Network-constrained spatial dependence¶
Demonstrating cluster detection along networks with the Global Auto K function¶
Author: James D. Gaboardi jgaboardi@gmail.com
This notebook is an advanced walk-through for:
Understanding the global auto K function with an elementary geometric object
Basic examples with synthetic data
Empirical examples
[1]:
%config InlineBackend.figure_format = "retina"
[2]:
%load_ext watermark
%watermark
Last updated: 2022-11-01T23:12:46.794663-04:00
Python implementation: CPython
Python version : 3.10.6
IPython version : 8.6.0
Compiler : Clang 13.0.1
OS : Darwin
Release : 22.1.0
Machine : x86_64
Processor : i386
CPU cores : 8
Architecture: 64bit
[3]:
import geopandas
import libpysal
import matplotlib
import matplotlib_scalebar
from matplotlib_scalebar.scalebar import ScaleBar
import numpy
import spaghetti
%matplotlib inline
%watermark -w
%watermark -iv
Watermark: 2.3.1
json : 2.0.9
numpy : 1.23.4
libpysal : 4.6.2
matplotlib : 3.6.1
spaghetti : 1.6.8
geopandas : 0.12.1
matplotlib_scalebar: 0.8.0
/Users/the-gaboardi/miniconda3/envs/py310_spgh_dev/lib/python3.10/site-packages/spaghetti/network.py:39: FutureWarning: The next major release of pysal/spaghetti (2.0.0) will drop support for all ``libpysal.cg`` geometries. This change is a first step in refactoring ``spaghetti`` that is expected to result in dramatically reduced runtimes for network instantiation and operations. Users currently requiring network and point pattern input as ``libpysal.cg`` geometries should prepare for this simply by converting to ``shapely`` geometries.

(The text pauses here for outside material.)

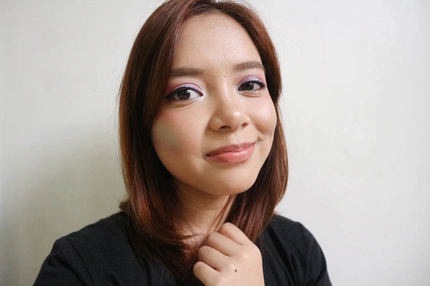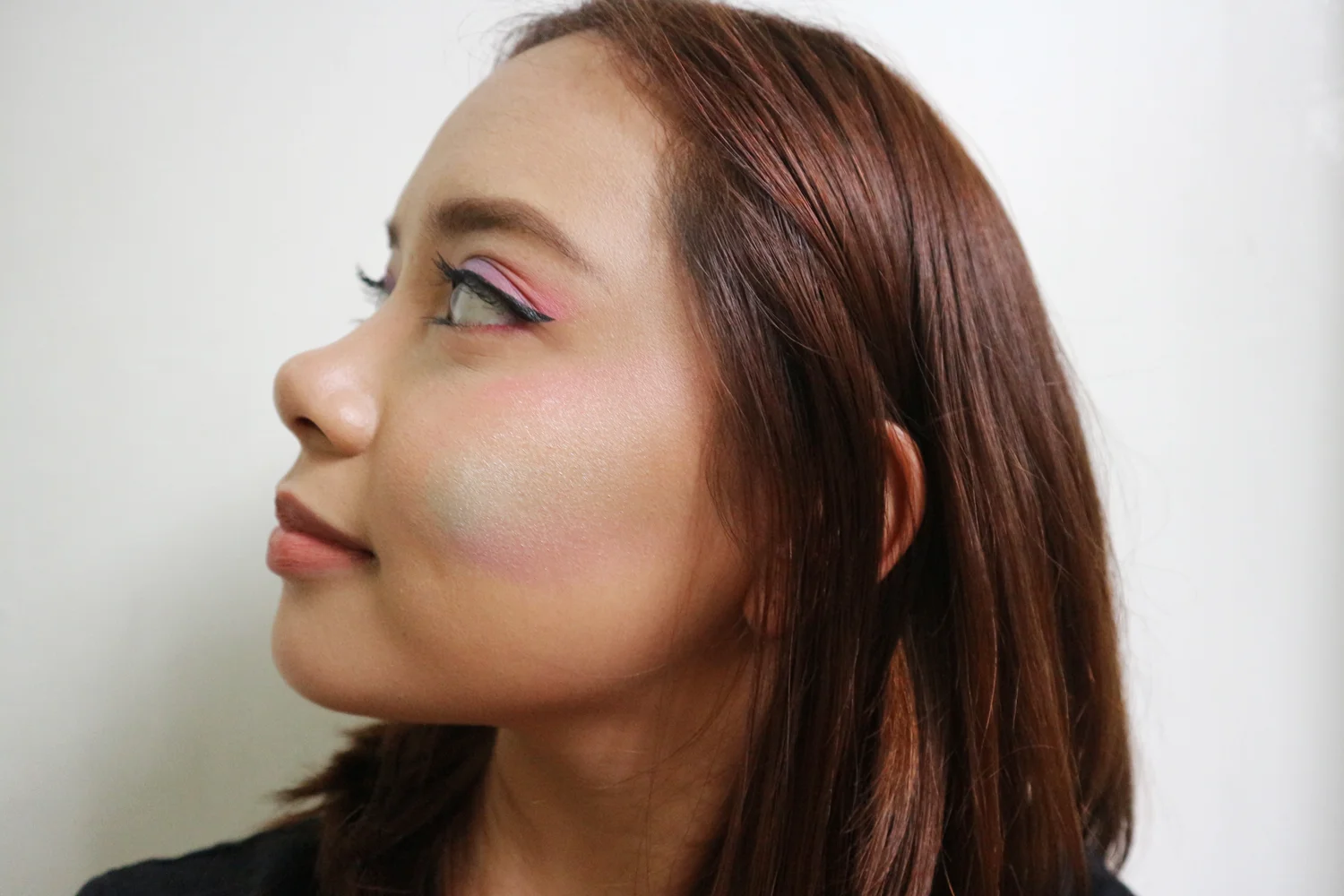 I used a flat top brush to apply it on my face to pick up the pigment evenly. Depending on how pigmented the shadows you used are, you may need a couple of swipes to get the colors to show up.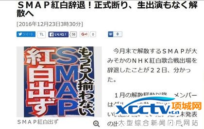 《日刊体育报》网站报导「SMAP」已辞退《红白》演出。翻摄《日刊体育报》网站

warnings.warn(f"{dep_msg}", FutureWarning)
The K function considers all pairwise distances of nearest neighbors to determine the existence of clustering, or lack thereof, over a delineated range of distances. For further description see O’Sullivan and Unwin (2010) and Okabe and Sugihara (2012).
D. O’Sullivan and D. J. Unwin. Point Pattern Analysis, chapter 5, pages 121–156. John Wiley & Sons, Ltd, 2010. doi:10.1002/9780470549094.ch5.
Atsuyki Okabe and Kokichi Sugihara. Network K Function Methods, chapter 6, pages 119–136. John Wiley & Sons, Ltd, 2012. doi:10.1002/9781119967101.ch6.
1. A demonstration of clustering¶
Results plotting helper function¶
[4]:
def plot_k(k, _arcs, df1, df2, obs, scale=True, wr=[1, 1.2], size=(14, 7)):
"""Plot a Global Auto K-function and spatial context."""
def function_plot(f, ax):
"""Plot a Global Auto K-function."""
ax.plot(k.xaxis, k.observed, "b-", linewidth=1.5, label="Observed")
ax.plot(k.xaxis, k.upperenvelope, "r--", label="Upper")
ax.plot(k.xaxis, k.lowerenvelope, "k--", label="Lower")
ax.legend(loc="best", fontsize="x-large")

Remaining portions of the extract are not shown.